Many working people can identify with those lyrics -- and there's science to back up those rhymes. 

A survey by the experience management company Qualtrics found that 58% of the respondents named their jobs as the main source of their mental health challenges.

The covid-19 pandemic turned the traditional workplace concept inside out, with many employees giving up the office entirely to work from home, or splitting their time between the job site and their crib.

The four-day workweek has been hailed as a way to increase productivity and reduce employee burnout.

Adam Grant, an organizational psychologist with the Wharton School at the University of Pennsylvania, has been a big supporter of the idea, noting that the four-day week improves focus, boosts efficiency, and gives people more time for leisure and connection.

Interest in the four-day week surged following a successful 2018 pilot project at Perpetual Guardian, a New Zealand estate planning firm, Qualtrics said.

Testing the Four-Day Workweek

The project was spearheaded by 4 Day Week Global, a not-for-profit organization promoting four-day workweeks.

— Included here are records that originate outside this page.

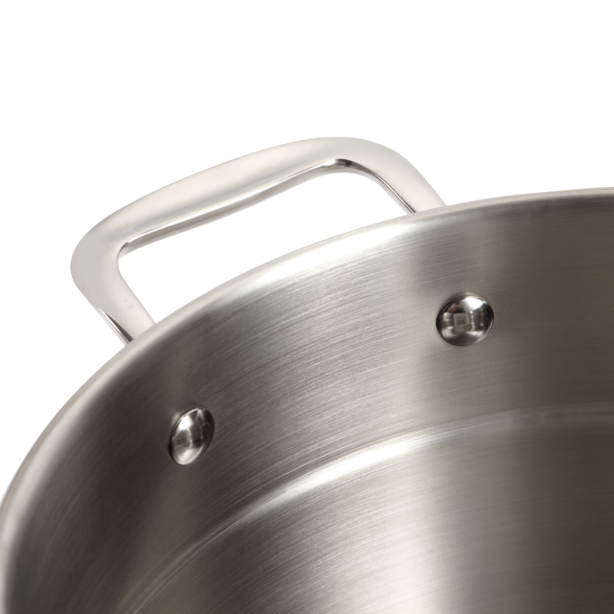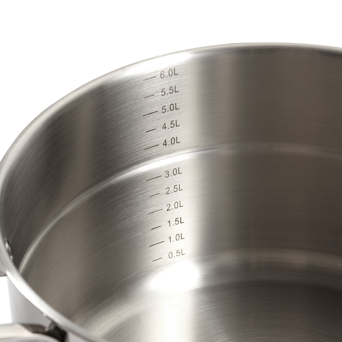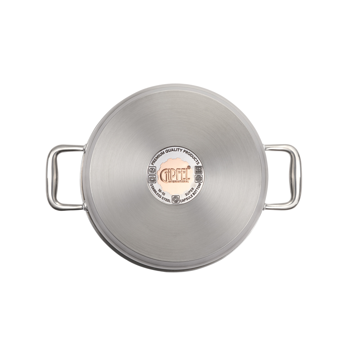Серия GALA представляет собой серию классических кастрюль и ковшей из высококачественной нержавеющей стали марки 18/10, выполненных в классической металлической расцветке. Посуда данной серии оснащена индукционным дном, эргономичными ручками, которые не нагреваются при готовке, а также стеклянной крышкой с отверстием для выпуска пара. Объем данной кастрюли составляет 6 литра. 3-слойное капсулированное дно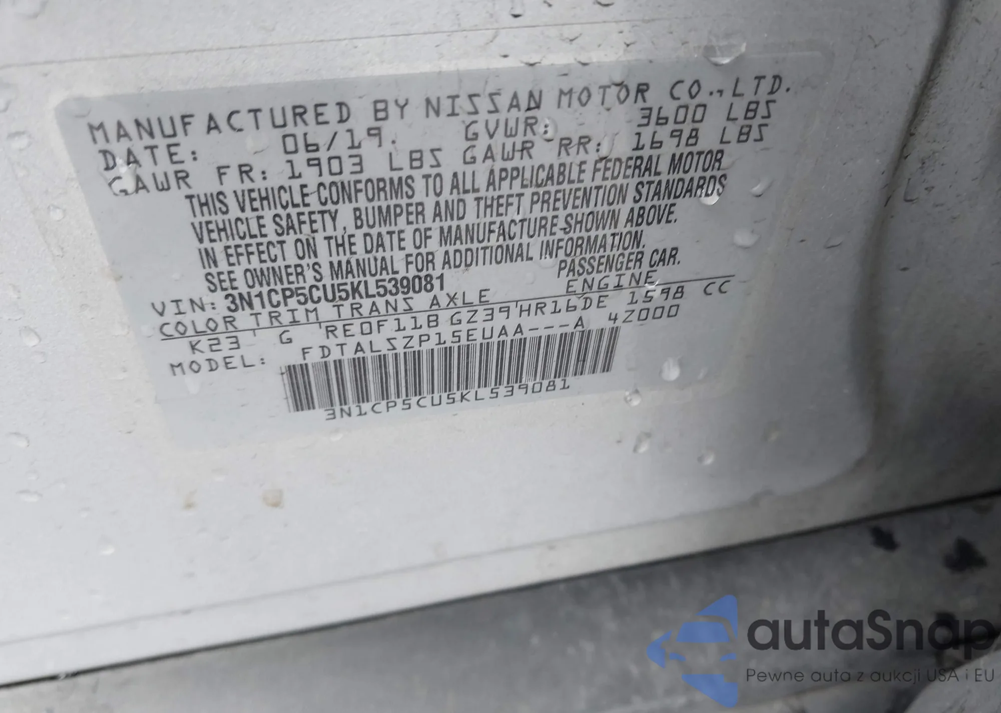 LOT: 43559531 VIN: 1G1ZB5ST1KF211450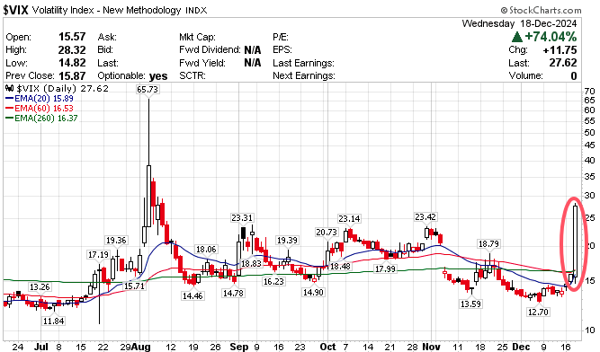 美股“恐慌指数”VIX在一天内暴涨74%,创下四个月新高28.32,单日涨幅甚至超过了8月的“黑色星期一”。道指和标普500指数均创下自8月5日以来的最大单日百分比跌幅,标普500指数更是经历了2001年以来跌幅最大的美联储议息日行情。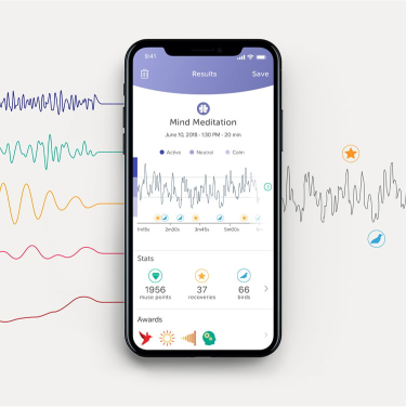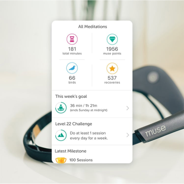 Guided meditations completed with the Muse brain-sensing headband allow users to track their brainwaves during their session. Post-session graphs show the amount of time brainwaves are inactive, neutral, and calm states.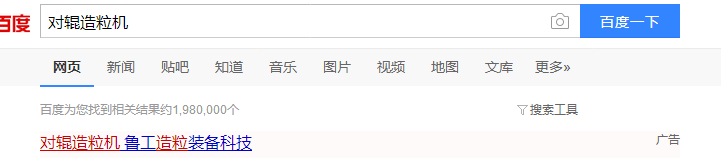 在百度上搜索“對輥造粒機”這個關鍵詞的顯示結果:排在_位的是廣告標志的其他公司,但不是我們衡水隆昌肥料造粒機械有限公司的官方網站。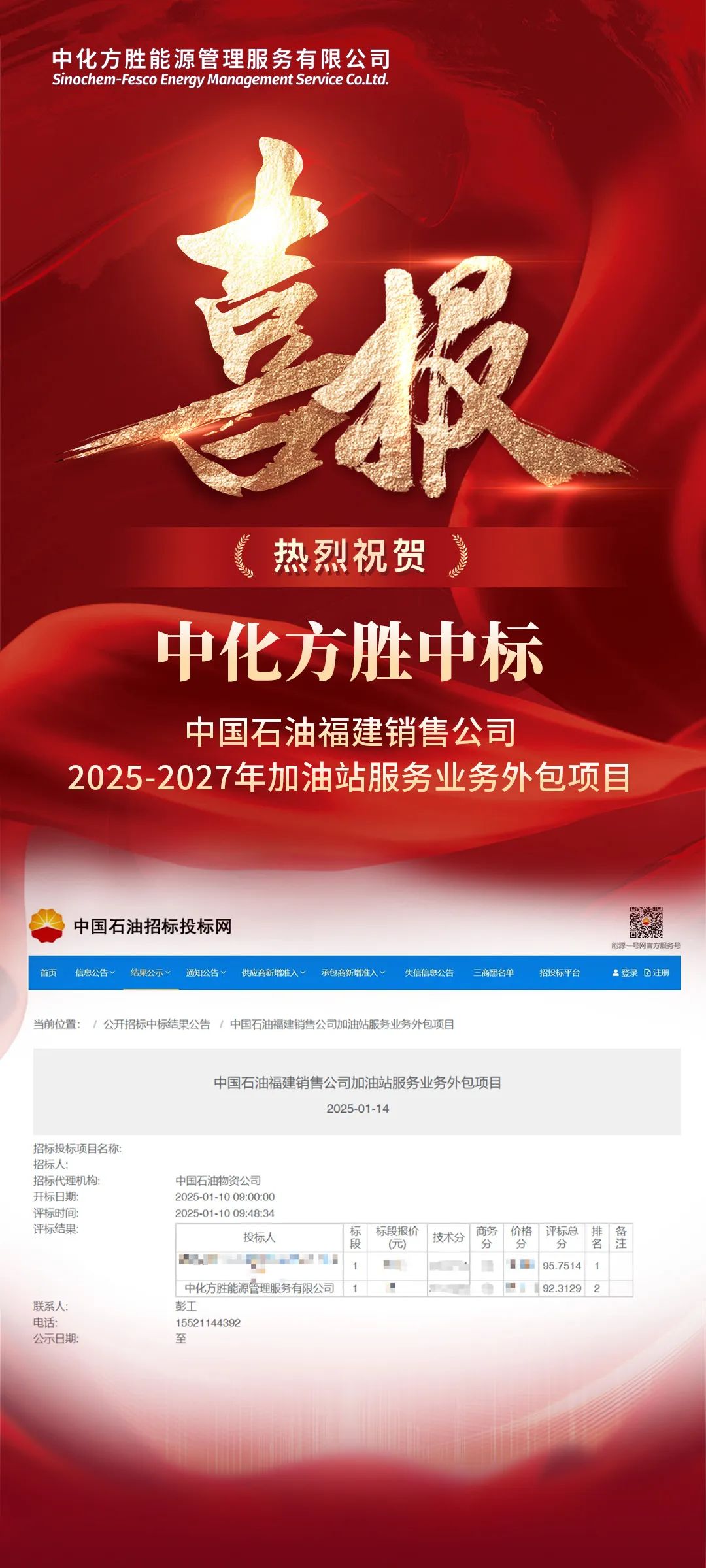 2025年1月14日,中化方胜能源管理服务有限公司(以下简称 “中化方胜”)迎来了2025年的首个喜讯。经过激烈的角逐,中化方胜成功中标中国石油福建销售公司 2025-2027 年加油站服务业务外包项目。这一成果,有力地彰显了公司在能源化工垂直领域,尤其是加油站业务外包领域的专业服务能力。
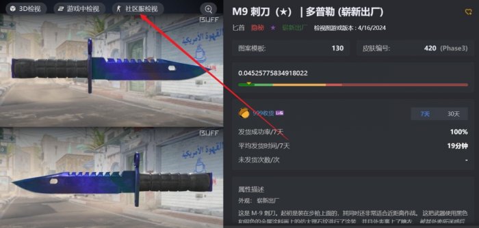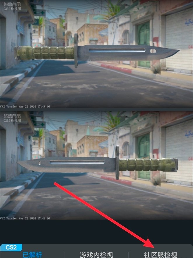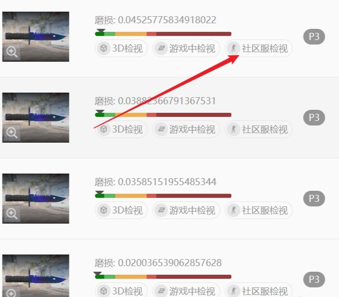 这里以op刺刀为例,点进饰品主页,然后点击“社区服检视”即可。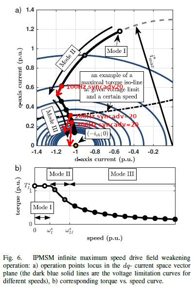 I'm trying to beat myself in my syncadv game using a custom frequency-dependent MTPA function like this. Not much luck so far. Still needs syncadv to perform well, which is a mystery to me. I'm also disabling the FW controller because it's so uncontrollable and that's unacceptable for tests. Attached also some drawings that probably mostly show I'm descending into complete madness.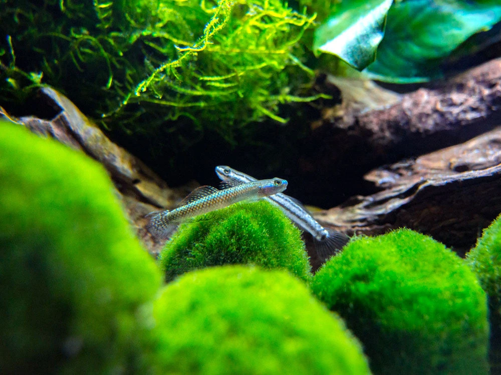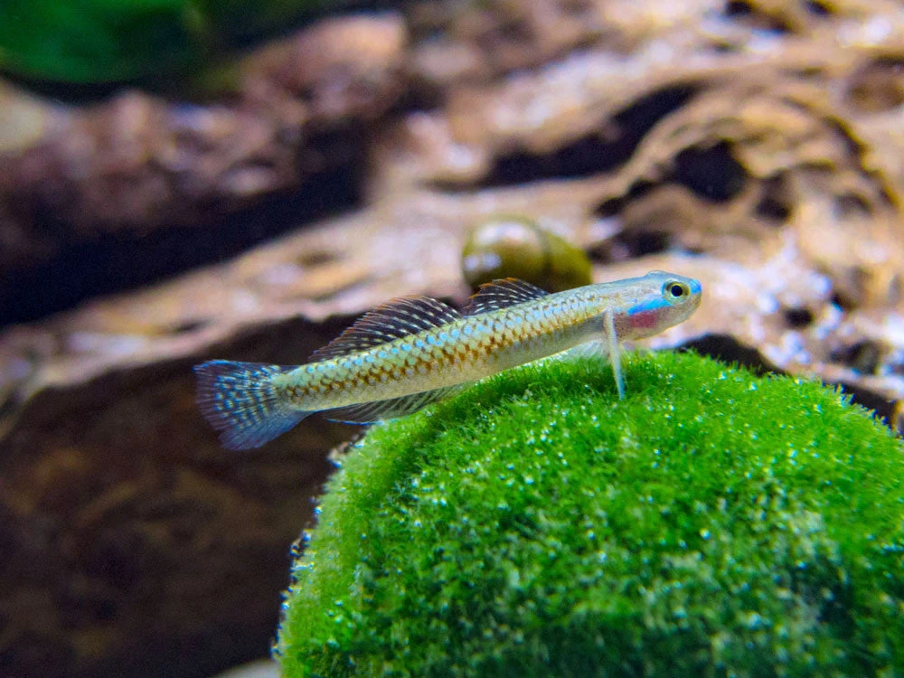 This beautiful nano fish displays bright neon blue coloration in males, is very peaceful with dwarf shrimp, and is very hardy in a mature aquarium that is rich in algae and biofilm.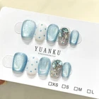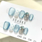 Shape: Coffin Country/Region of Manufacture: China Suitable For: Nail Art Brand: Unbranded Effect: Shimmer Type: Press-On Nails Color: Blue Theme: Sparkle Nail Size: Short Features: Full Cover, Glue Included, Self-Adhesive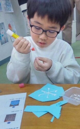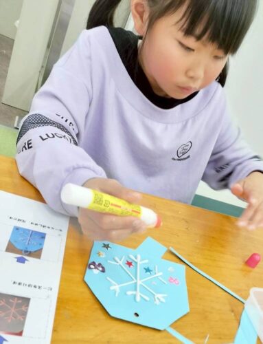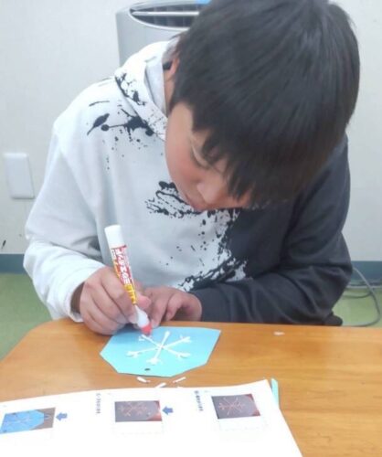 最初に画用紙を切って、綿棒を雪の結晶の形に貼っていきます。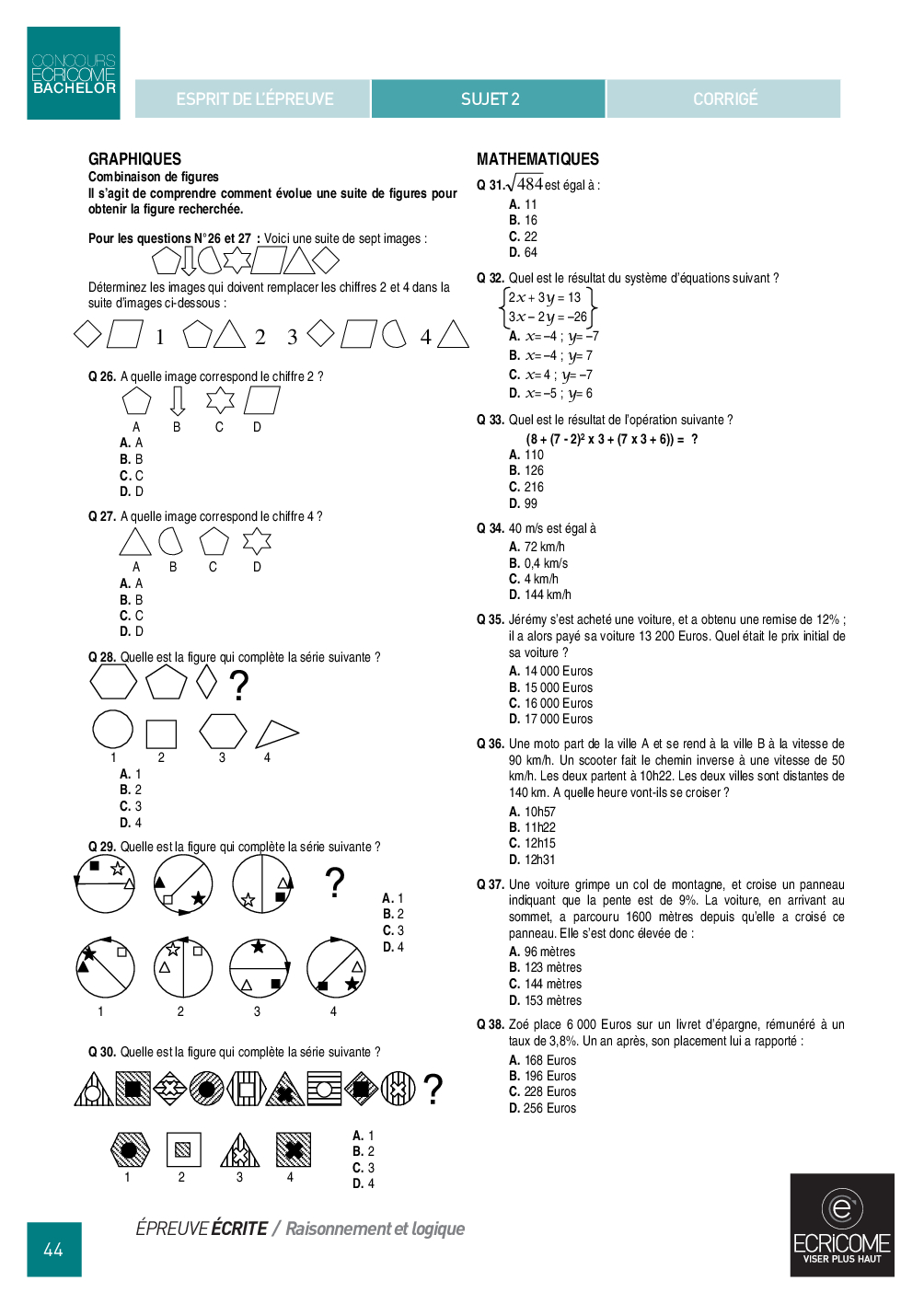 Concours Ecricome Bachelor 2013 - Raisonnement et logique 2 (Sujet)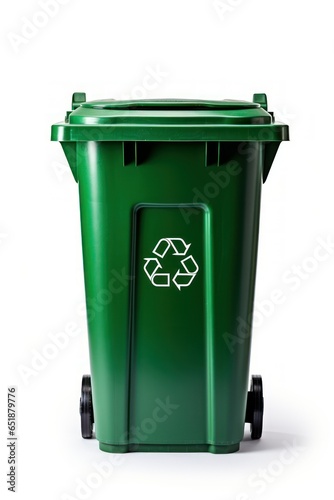 Green Garbage Container with Recycling Symbol, green recycling bin
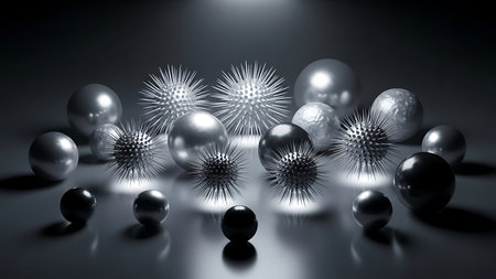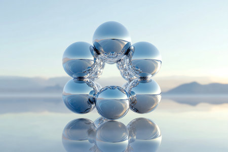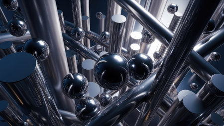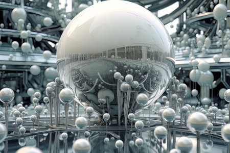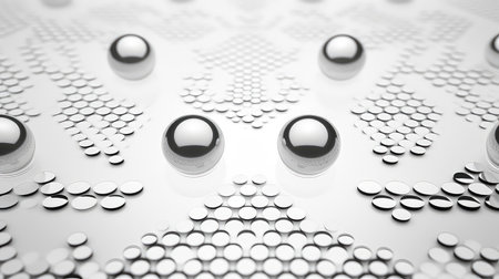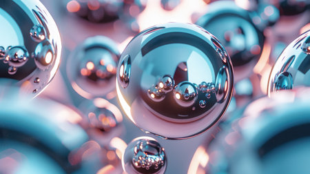 high quality illustration, metallic spheres in artistic pattern, futuristic chrome design for technology background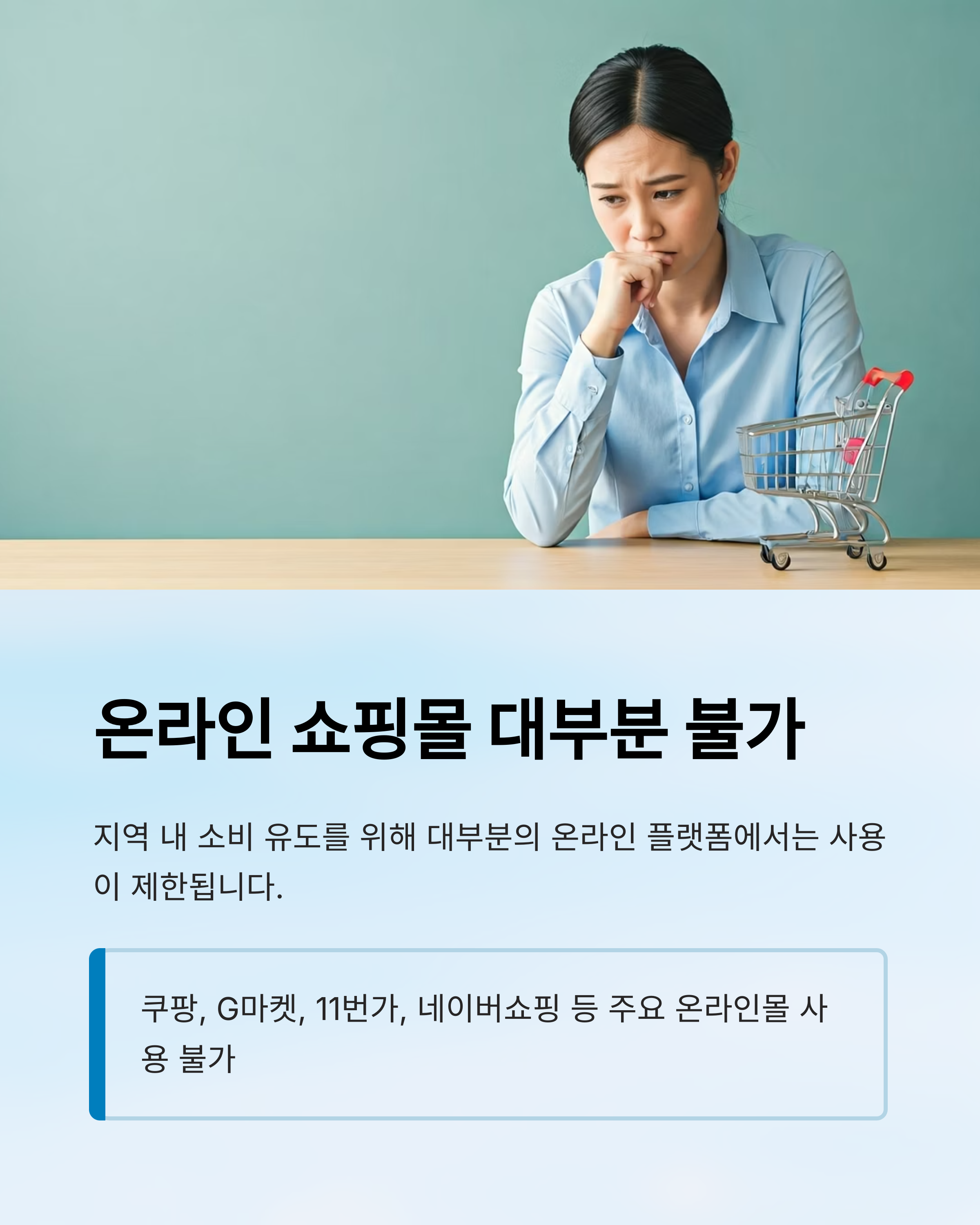 지역화폐나 선불카드 형식으로 지급된 경우, 대형 유통업체에서의 사용이 제한됩니다.
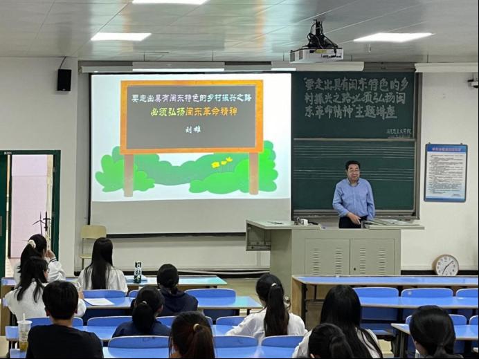 为深入贯彻落实习近平总书记关于学校思政课建设的重要讲话精神,加强闽东革命传统教育和爱国主义教育,深化学生对“闽东革命精神”内涵的理解,4月11日下午,英国365(集团)公司官方网站于AB201开展“要走出具有闽东特色的乡村振兴之路必须弘扬闽东革命精神”主题讲座。此次讲座由刘雄教授主讲,英国365(集团)公司官方网站部分学生认真聆听此次讲座。

In 2019, Microsoft (MSFT) tested a four-day week in a Japanese subsidiary and reported a 40% productivity increase.

Qualtrics said that a survey of over 1,000 U.S. employees found that 92% of the respondents said would support their employer implementing a four-day work week.

However, a majority also acknowledged tradeoffs, including potentially having to work longer hours to make up missed work, and more than half said a four-day workweek would likely frustrate customers.

And while a four-day workweek was a big hit with most employees, there was something they liked just a little bit more.

Fifty percent of the employees surveyed said they would prefer increased flexibility to work when they want, compared with 47% who said they would rather have a four-day work week.

Qualtrics said these results supported their research that shows employees prioritize flexibility and control. 

The vast majority of workers also said they wanted their employer to implement paid mental health days, saying it would reduce burnout, make employees more productive, and help the company recruit talent. 

So The Ramones were right when they said "there's got to be a better way." There's just more than one way.